By Jackie Walsh
Trends come and go on TikTok. But one that sticks is the Korean corn dog, with Kong Dog’s new Little Italy location bringing the fad food rage from New York and Los Angeles to Chicago.
The location at 1424 W. Taylor St. opened in December, Kong Dog’s second venue in Illinois after a debut in suburban Glenview last year.
Kong Dog offers Chicagoans Korean-style corn dogs, a savory treat made of pork or beef sausage, mozzarella cheese or a combination of these rolled in batter and coated with a variety of toppings, such as cinnamon sugar and potato.
The twist on the classic food first gained traction on TikTok this past summer, with cheese pulls and Flamin’ Hot Cheetos-coated corn dogs captivating viewers.
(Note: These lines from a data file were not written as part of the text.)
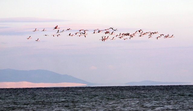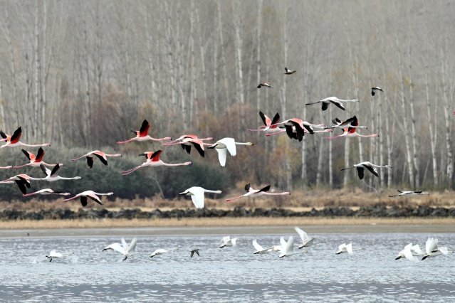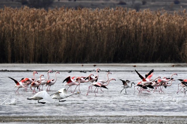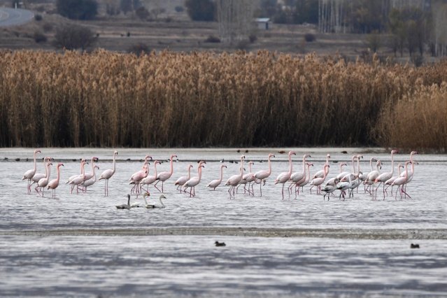 Ötücü kuğuların yanında flamingoları da görebildiklerini belirten Prof. Dr. Adızel, "Flamingoların, Kasım ayının başlangıcında geldikleri üs bölgelere veya Afrika'ya doğru gitmesi gerekiyordu. Fakat az sayıda da olsa yaklaşık 10 yıldır flamingoların bir kısmı gitmiyor; burada kalıyor. Toplam sayıları 8 ile 10 bin civarında olan flamingolardan 500'ü burayı terk etmiyor. Bunu da küresel ısınmaya bağlıyoruz" diye konuştu.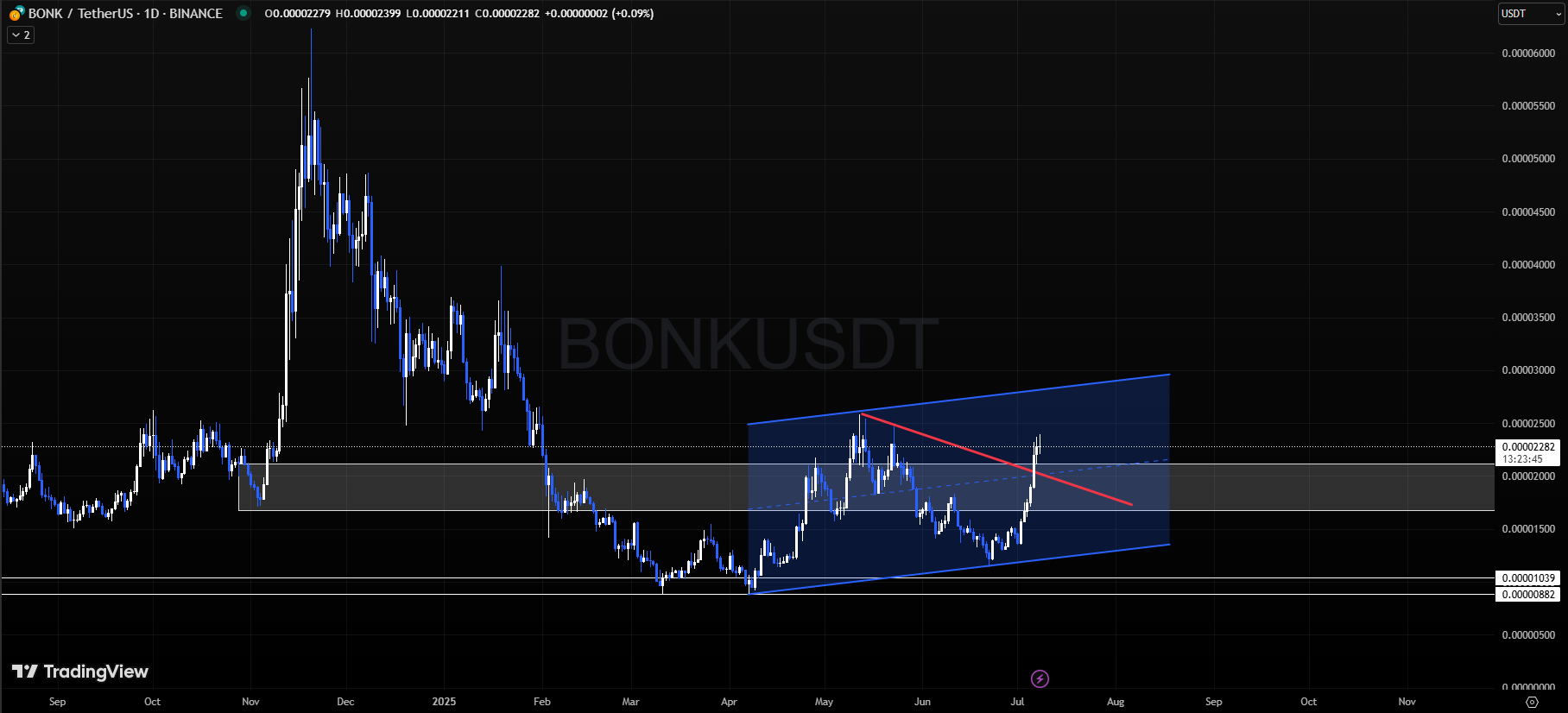 چارت روزانه BONK/USDT نشون میده که این میمکوین معروف داره توی یه کانال صعودی منظم حرکت میکنه. با اینکه یه خط روند نزولی طولانیمدت جلوی راهش بوده، اما الان قیمت موفق شده از این خط قرمز رد بشه و وارد یک منطقه مقاومتی مهم شده. اگه BONK بتونه این منطقه رو رد کنه و داخل کانال بمونه، میتونه برای یه رشد قابل توجه دیگه آماده بشه.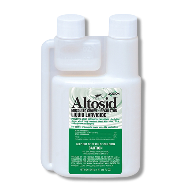 Altosid Liquid Larvicide, manufactured by Zoecon, is a superior insect growth regulator and liquid larvicide that features a microencapsulated formulation that provides longer and stronger residual control against adult mosquitoes and their larvae.

The hype online has translated to brick-and-mortar stores like Kong Dog opening to satiate adventurous foodies in cities across the country.
According to Bon Appétit, Korean corn dogs first came to San Francisco in late 2019. After TikTok got a hold of the trend in June 2020, similar spots mushroomed across the country.
Yet, Kong Dog’s ability to bring customers to its restaurants relies on maintaining the viral nature of the product online with its unique innovations for toppings.
According to Emily Han, Kong Dog’s marketing specialist, the content on Kong Dog’s social media accounts featuring its unique product has helped the new location attract customers.
The cheese pulls and clips of the intricately coated dogs are enticing. Han said the goal is to prompt the viewer to wonder “where can I get these?”
Unlike trends on TikTok like whipped coffee and feta pasta that inspire DIY endeavors from viewers, Han said part of the appeal of the Korean corn dog is that its street style makes it the perfect to-go food.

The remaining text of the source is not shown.